Federal Judge says plea bargaining system is broken

Many criminal law practitioners believe the criminal justice system is broken. Most believe the reason it is broken is because the plea-bargaining system is broken. Federal Judge Jed Rakoff offered his own insight in a New York Daily News piece that was released today. Judge Rakoff basically asserts that the presence of mandatory minimum sentences has shifted the balance so far to the prosecution side, that just about everybody who is accused of a federal crime elects to plead guilty to a lesser charge instead of choosing to fight the case. Therefore, the actual evidence of guilt in a case never sees the light of day because everybody pleads guilty. This leads to a prison population that is filled with innocent people. To the non-criminal law practitioner it seems like that can’t possibly be true. Unfortunately it is.

The framers of the United States Constitution and the subsequent Bill of Rights went out of their way to create a legal system that was fair to the criminally accused. They created amendments that not only protected people against unreasonable searches and seizures by the government, but they also created rights which insured that if accused of a crime, a person has the right to have a lawyer, has the right to confront witnesses against him in open court, has the right to be free from being compelled to testify, has the right to a speedy trial, etc. The framers must have concluded that no innocent person would ever go to jail with all these checks on the government. Unfortunately, these rights have been systematically eradicated due to the enactment of harsh mandatory minimum sentences. Here is why.

When the government chooses to charge somebody with a crime, they have the access to the evidence of guilt. Discovery laws mandate that prosecutors only need to turn over the evidence if a trial is imminent. The idea, however, is that the accused has the right to say to the government, “Okay, you want to charge me with this crime? I want you to prove it in court and I want to be able to question the witnesses because I’ll show them to be the liars that they are!” “Great” says the government in response. Then at trial, a jury examines the evidence and if there is evidence of guilt, they convict. And if there isn’t, they acquit.

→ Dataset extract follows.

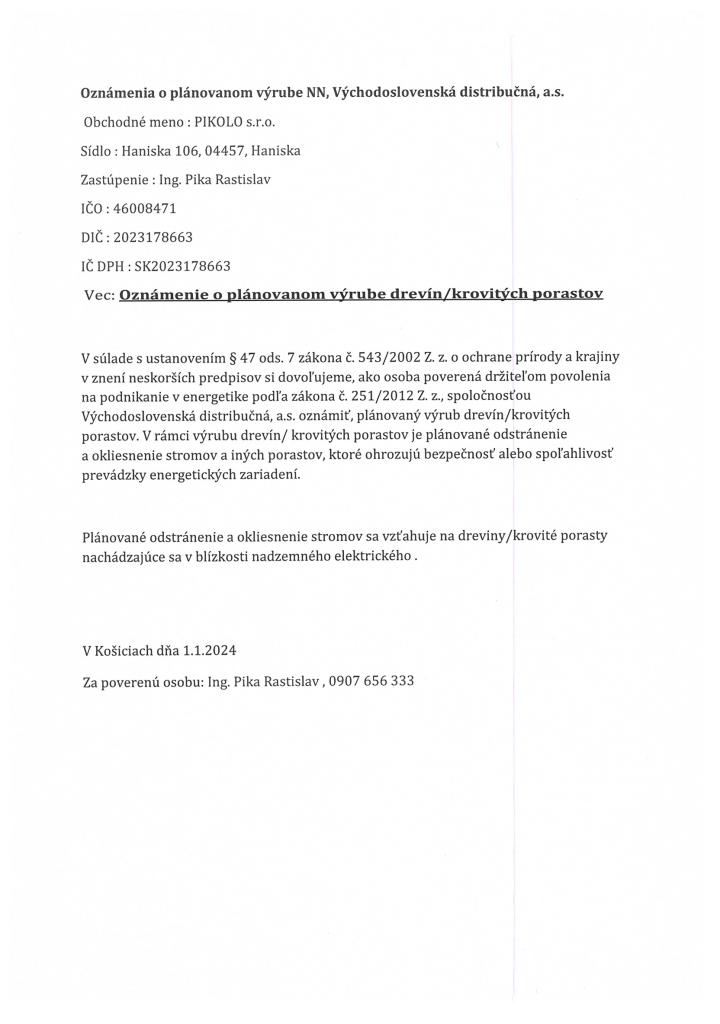 Oznámenie o plánovanom výrube drevín/krovitých porastov

But what happens in a situation in which the government accuses the person of a crime in which the mandatory minimum sentence is 20 years in prison?What happens when the government offers for the accused to plead guilty in exchange for a sentence of only two years, but the government refuses to disclose the evidence unless the person elects a trial? What does the person do?

All of those wonderful rights are thrown out simply because of the very real and rational fear that exercising them means a lifetime in prison.

In my opinion, the only way for people to get their rights back is for the government to eliminate all mandatory minimums. The problem though is that politicians are unwilling to take laws off the books. They fear they’ll appear as “soft” on crime. However, whenever something tragic happens, these very same politicians are quick to pass laws that make the offensive conduct more severe. As a result, you get sentences that are perpetually increased. This then shifts the power away from the court and towards the prosecutor who now can force a plea to what the conduct used to merit (instead of the person being sentenced to that if convicted after trial).